I find myself blushing, thinking of him reading my articles online—but then feel a little disappointed at the idea that he’s never once googled me.
“Why do you say your freelancing was going well?” he asks me. “Past tense?”
I sigh. “With what’s happened with my dad, I’m just not sure about approaching editors. Some of them might want me to give them the inside scoop. Others just might not be interested in my work, given my family name.”
“Do you really think that? That people will judge you by what your dad did?”
With no reins to hold on to, I’ve settled my hands on the saddle pommel, and now I twist them together.
“I do think that,” I find myself saying. “I feel really…well, to be honest, I feel ashamed. Like I shouldhave done something. My dad wanted me to work with him, and I didn’t. Maybe if I had, things would have been different.”
“It isn’t your fault,” Tate says. “I met your dad. He didn’t exactly seem like a guy who was…” He pauses, thinks. “Open to suggestions that weren’t his.”
Despite the fact that this topic makes me feel morose, I find myself laughing quietly. “You nailed it,” I say.
“So, then, why blame yourself when you know you never would have been able to stop him? And, even if you could have, it was his company. His responsibility to do right.”
“You have a point,” I say, and it surprises me how much better this conversation with Tate is making me feel. As if I’m talking to someone who understands me, and my life, deeply. The sun filters through the snow-covered tree branches. There’s the distant call of a crow, the crunch of Star’s hooves and Tate’s feet on the path, the sound of my breathing, and Star’s gentle snorts.
“Thank you,” I finally say. “That really helps.”
“I hope you know I’ll—” Tate clears his throat. “I’ll always be happy to help you, Emory,” he says quietly. “I can imagine this situation is a lot to carry.”
A lump rises to my throat. I don’t want to cry, not here, not now, so I ask him a question instead. “Tell me what you’ve been up to all this time,” I say, trying to lighten the mood. “Big question, but we have time, right?”
“You’re looking at it,” he says. “I’ve been here,mostly. I did go to the University of Guelph, for stable management. Two years. Charlie insisted, said it would be good for me to get away, but mostly I just missed it here, and learned stuff I already knew.”
I laugh. “Ever occur to you that you’re just a know-it-all?”
He laughs back. “Well, I come by it honestly, I guess. Pretty sure Charlie knows all there is to know about most things.”
“He’s taught you well.”
Just then, up ahead, a pile of snow falls from a branch. Star freezes, snorts nervously, begins to back away.
“It’s okay, girl,” I say, my fingers tight on the pommel now as I work hard to stay calm, to trust both myself and this horse—and Tate, who is leading us, and promised it would all be okay. He’s got his hand firmly on the lead rope, holds it under Star, speaks soothing words. She balks twice, and I’m afraid she might rear. But he’s got her, I can tell. I can feel the calm flow through both of us. Soon, Star walks forward again, as if nothing happened. Tate looks up at me.
“You’re good?”
“I’m fine,” I say. “Thanks to you.”
“Ah, it wasn’t anything I did. It’s all Star. She’s doing great. She handled that so well. That was a good test for her.”
We walk on for a moment in silence, and then he looks up at me again. “And so are you, by the way. You’re doing great. She would have been able to tell if you were scared. You weren’t.”
“I wasn’t,” I agree. And I don’t add,Because you were here with me.
Star is now walking confidently forward again. We pass the tree that dumped its snow moments before and she hardly reacts, keeps walking ahead as the sunlight starts to fade completely and night begins to approach. Tate is talking to her again, telling her what a good girl she is, and I’m listening to his voice, a little mesmerized. Then I realize he’s asked me a question.
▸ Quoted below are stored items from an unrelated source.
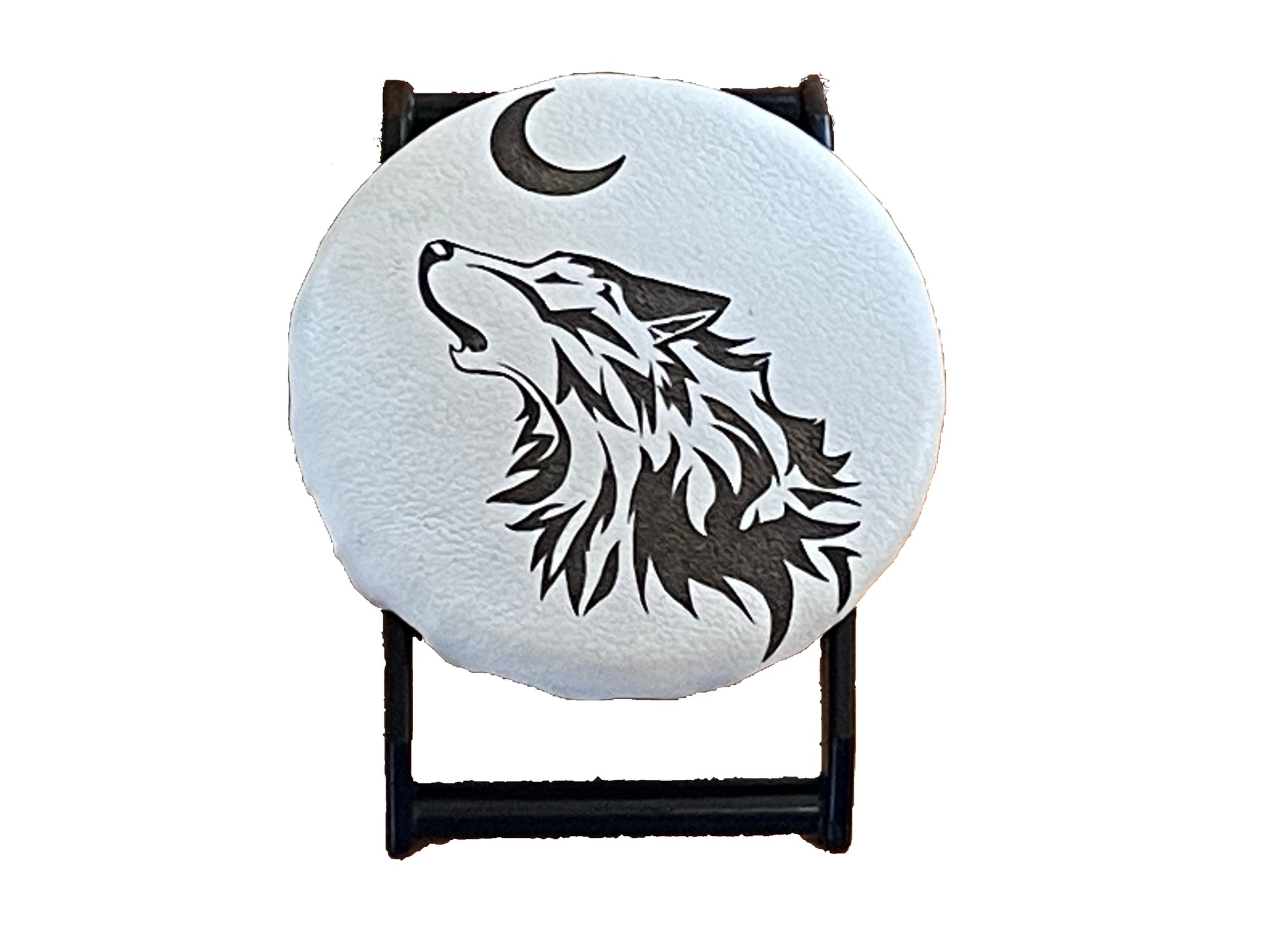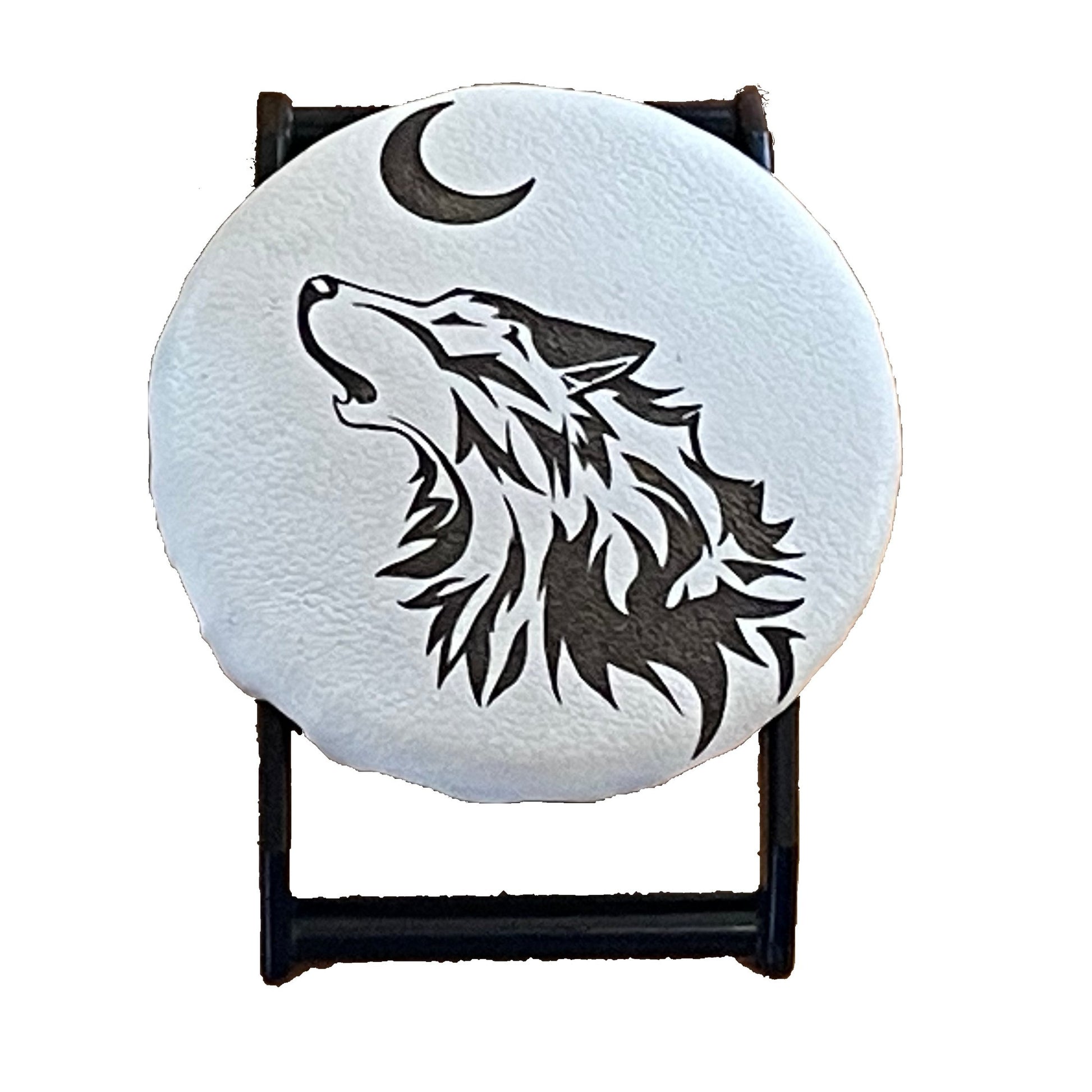 Laser Engraved Wolf on White Leather on Black SPEC. All SPECs come with a black Molle compatible clip.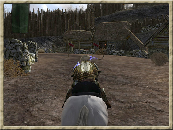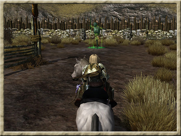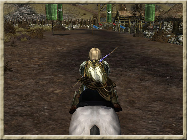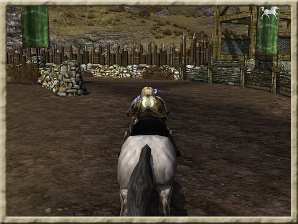 Folgt Seocas Anweisungen, während Ihr um den Turnierplatz reitet und lernt, Euer Ross zu steuern. Ihr müsst zwei ganze Runden in der äußeren Spur reiten, um mit der Ausbildung fortzufahren. |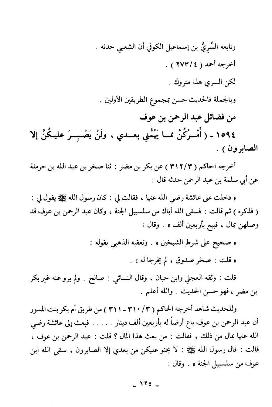 310 - 311) من طريق أم بكر بنت المسور أن عبد الرحمن بن عوف باع أرض له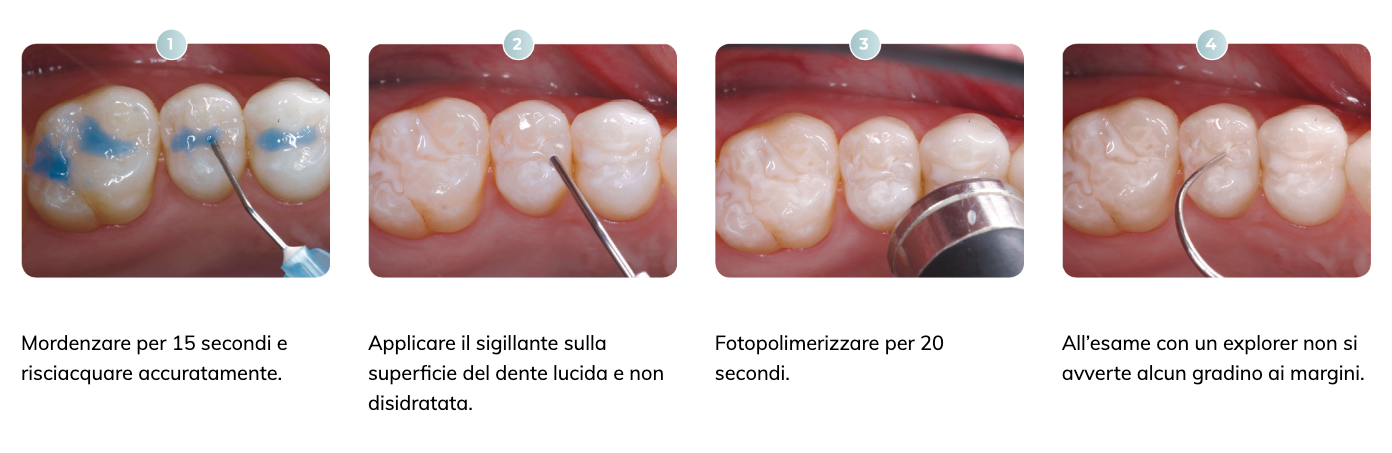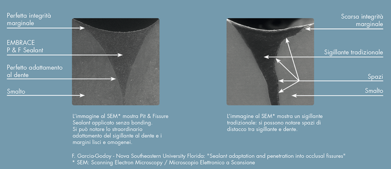 Il sigillante EMBRACE Pit & Fissure Sealant presenta proprietà idrofile uniche che garantiscono un’adesione particolarmente efficace in ambiente umido. La resina forma un’intima associazione con la superficie umida del dente e si integra perfettamente creando un’interfaccia priva di margini tra resina e smalto, che resiste alle microinfiltrazioni. L’assenza di margini sondabili, le sue proprietà antibatteriche, la capacità di ricaricarsi di fluoro e la sua storia di successi a lungo termine, sono ampliamente riportati in letteratura.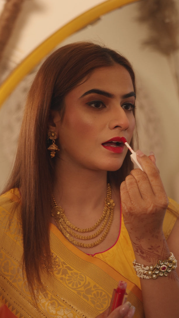 Jashn means celebration, and this shade captures that spirit in every swipe. It is a bold, true red that lights up every skin tone with confidence and joy.

“Do you remember our first trail ride out here? You were on Walt.” There’s a smile in his voice. I can picture that smile in my mind, even though I can’t see his face. “He was the best. Probably our most reliable trail horse. We’d had him from when I was a really little kid, when my parents first bought this place.”
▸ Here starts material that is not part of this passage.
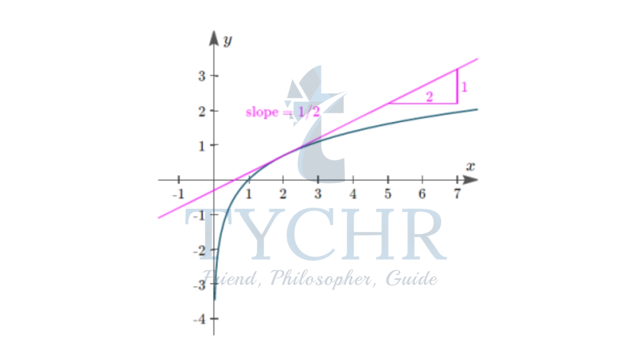 The slope of the tangent of y=ln x at x=2 is ½ . (We can observe this from the graph, by looking at the ratio rise/run)
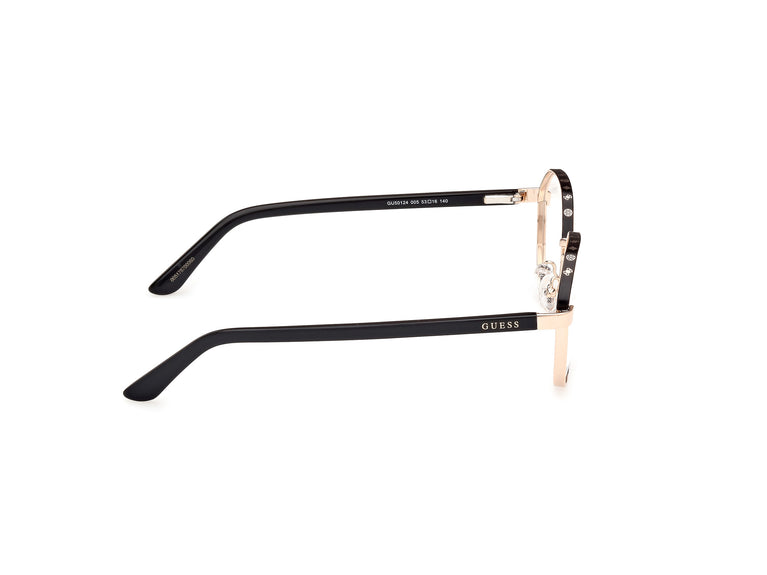 Discover the exquisite Guess GU50124 optical glasses, designed for the modern woman who appreciates timeless sophistication. The frame, crafted from an elegant shiny deep gold metal, envelops the clear demo lenses with a touch of understated luxury. The delicately crafted bridge and slender temples combine for an impeccable fit, while the perfectly proportioned caliber ensures a refined aesthetic. A must-have accessory for those who value style and quality.

I’m grateful that it seems his question about if I remember our trail ride is rhetorical. Because how would I answer it?Of course I remember. I try to forget, but I can’t. I remember every single moment we spent together. I still feel it in my bones.
“Was?” I find myself saying. “He’s gone?”
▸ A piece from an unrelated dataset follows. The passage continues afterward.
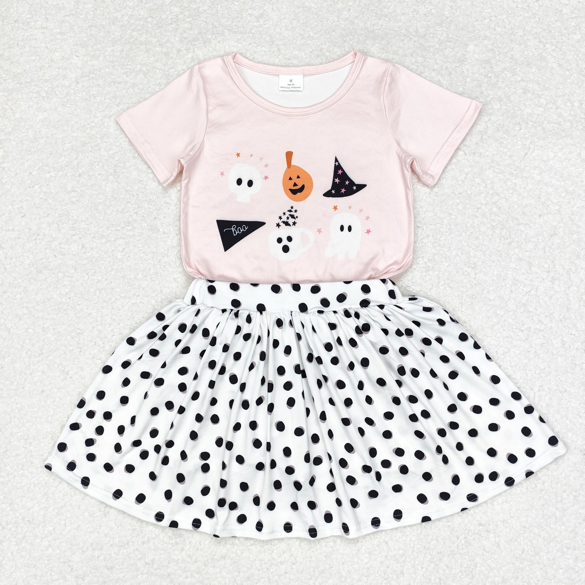 Baby Girl Halloween Short Sleeves Pumpkin Shirt Skirt With Shorts Set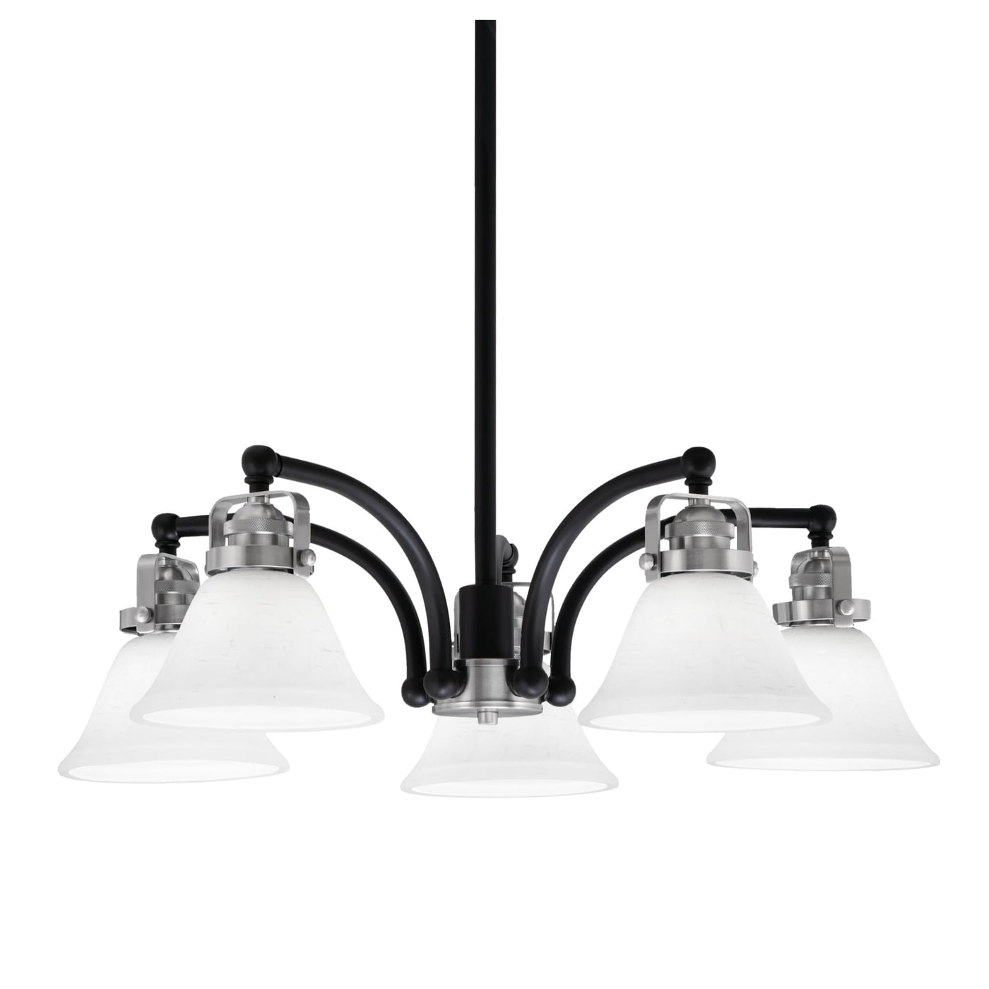 Easton Downlight, 5 Light, Chandelier Shown In Matte Black & Brushed Nickel Finish With 7" White Muslin Glass. Min Hanging Height: 8.75. Medium Base LED bulb(s) can be used.

“Died last year,” Tate says. “He made it to thirty years old, which is pretty amazing. Most of the horses we have are younger now, not quite as settled into themselves the way he was. Definitely not as reliable for the trails. It’s why I’m trying so hard with Star, even if it could be a mistake.”
“It’s not a mistake,” I say firmly. “She needs this. She’s so happy out here.”